The emphasis of this review is on the recent progress in biomedical titanium development and achievement brought about by additive manufacturing. Beta-type biomedical titanium alloys are preferred materials for medical implants due to their low modulus, excellent biocompatibility, high corrosion resistance and high strength compared with stainless steel and Co-based alloys. Efforts to further improve biocompatibility and reduce modulus of titanium alloys had been made. A new generation of β-type biomedical titanium alloys consisting of non-toxic elements possessed low elastic modulus.

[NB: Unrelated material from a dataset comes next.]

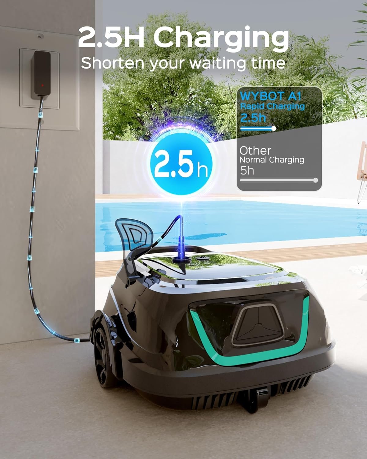 Rapid 2.5-Hour Charging: Bid farewell to the prolonged 6-7 hour charging times – now, a mere 2.5 hours is all it takes to unleash the power of a fully charged cordless pool robot. Embrace quick and efficient charging with the latest technology, transforming your pool cleaning experience.

The development of new biomedical titanium alloys coupled with the application of additive manufacturing technologies brought about new opportunities in the biomedical industry. Many researches exhibited the excellent performance of AM technologies in fabricating artificial replacements in terms of complex structure, high mechanical properties and the promotion of bone cell ingrowth. Further investigations need to be done to improve the roughness of implants manufactured by AM systems. Design and fabrication of graded porous structure with gradient modulus to reduce the stress concentration of implants is an important future research direction.